# Texas Holey Rock



## ianstuart832012 (Nov 26, 2012)

Hey guys, do you all know anywhere I can get some Texas Holey Rock for a decent price anywhere within a 3 hour radius of Louisville, KY or Pensacola, FL? I would also be open to ordering them online from people.


----------



## DanniGirl (Jan 25, 2007)

If you don't mind the shipping costs, you can look at online auction sites.


----------



## matt121966 (Mar 6, 2012)

thanks for the pm inastuart.


----------



## biochemist (Oct 31, 2012)

Can u shoot that info over to me as we'll. thanks


----------



## Hock (Mar 23, 2012)

There used to be a guy up in Cincinnati that got it by the semi-truck loads and posted it on Craigslist for like $1+ a lb or something but I havent seen the ad anymore lately.


----------



## ianstuart832012 (Nov 26, 2012)

Hock said:


> There used to be a guy up in Cincinnati that got it by the semi-truck loads and posted it on Craigslist for like $1+ a lb or something but I havent seen the ad anymore lately.

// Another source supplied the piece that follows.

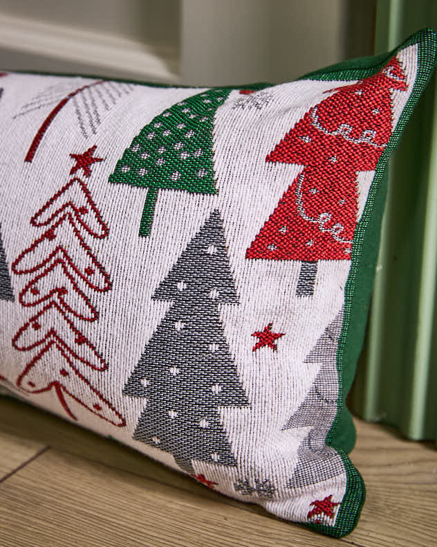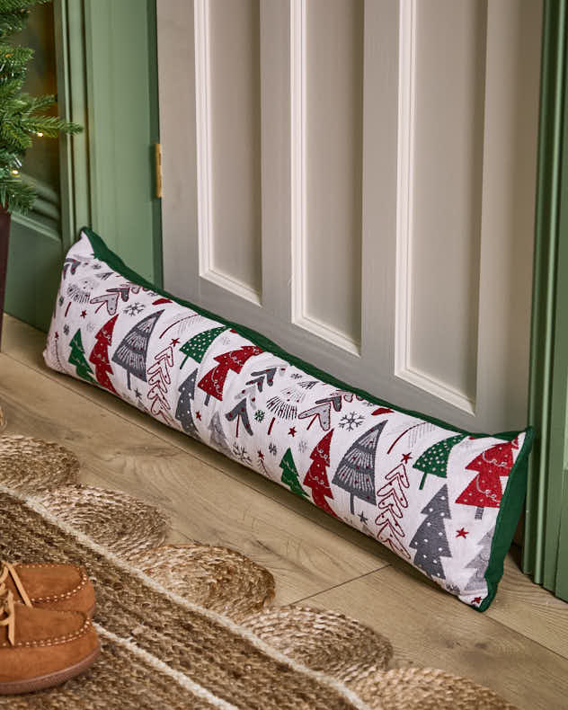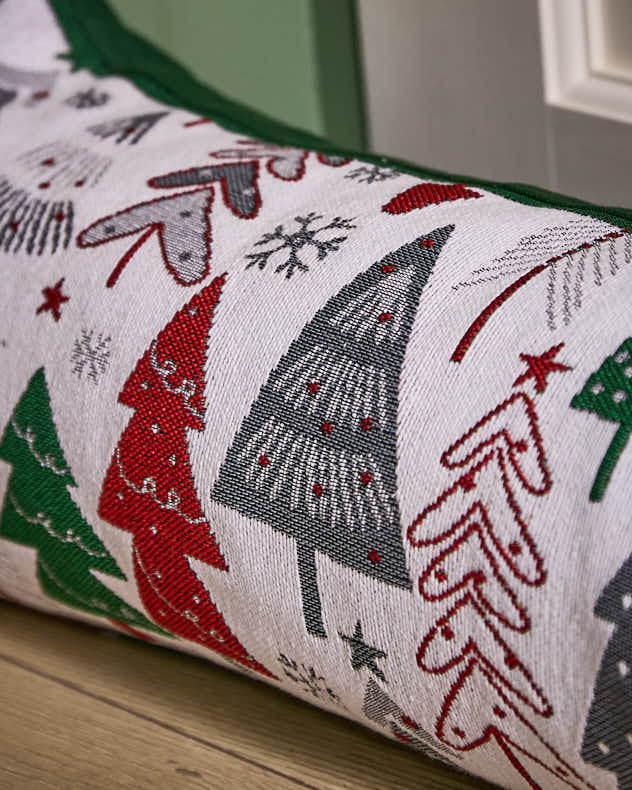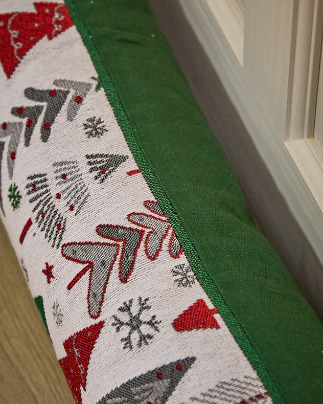 Der lange Zugluftstopper ist aus einem schneeweißen Baumwollmischgewebe gefertigt und mit einer smaragdgrünen Paspelierung an den Kanten versehen, die ihm einen eleganten Abschluss verleiht. Ein Wald aus modernen Weihnachtsbäumen und Schneeflocken in klassischen Rot-, Grün- und nordischen Grautönen ziert die Vorderseite und hebt sich deutlich vom neutralen Hintergrund ab.

Yea the guy in Cincinnati that I get it from gets it by the semi-load. His ads are still up.


----------



## Hock (Mar 23, 2012)

ianstuart832012 said:


> Hock said:
> 
> 
> > There used to be a guy up in Cincinnati that got it by the semi-truck loads and posted it on Craigslist for like $1+ a lb or something but I havent seen the ad anymore lately.
> ...


If you could, PM a link to his ad because I cant find it anymore.


----------